1 files changed, 4 insertions, 43 deletions
diff --git a/asm/multiboot.s b/asm/multiboot.s
index 1927c9b..22be3d1 100644
--- a/asm/multiboot.s
+++ b/asm/multiboot.s
@@ -14,6 +14,7 @@
 # You don't need to understand all these details as it is just magic values that
 # is documented in the multiboot standard. The bootloader will search for this
 # magic sequence and recognize us as a multiboot kernel.
+
 .section .multiboot
 .align 4
 .long MAGIC
@@ -49,60 +50,20 @@ stack_top:
 .global stack_bottom
 .type _start, @function
 _start:
-	# Welcome to kernel mode! We now have sufficient code for the bootloader to
-	# load and run our operating system. It doesn't do anything interesting yet.
-	# Perhaps we would like to call printf("Hello, World\n").

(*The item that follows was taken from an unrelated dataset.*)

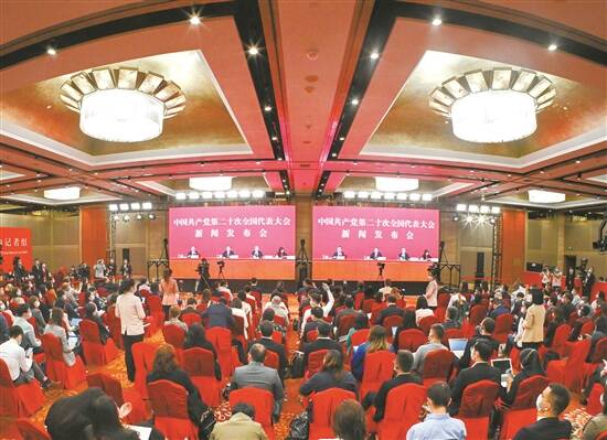 10月15日,中国共产党第二十次全国代表大会新闻发言人孙业礼在北京人民大会堂举行新闻发布会 新华社 发 |

You should now
-	# realize one of the profound truths about kernel mode: There is nothing
-	# there unless you provide it yourself. There is no printf function. There
-	# is no <stdio.h> header. If you want a function, you will have to code it
-	# yourself. And that is one of the best things about kernel development:
-	# you get to make the entire system yourself. You have absolute and complete
-	# power over the machine, there are no security restrictions, no safe
-	# guards, no debugging mechanisms, there is nothing but what you build.
-
-	# By now, you are perhaps tired of assembly language. You realize some
-	# things simply cannot be done in C, such as making the multiboot header in
-	# the right section and setting up the stack. However, you would like to
-	# write the operating system in a higher level language, such as C or C++.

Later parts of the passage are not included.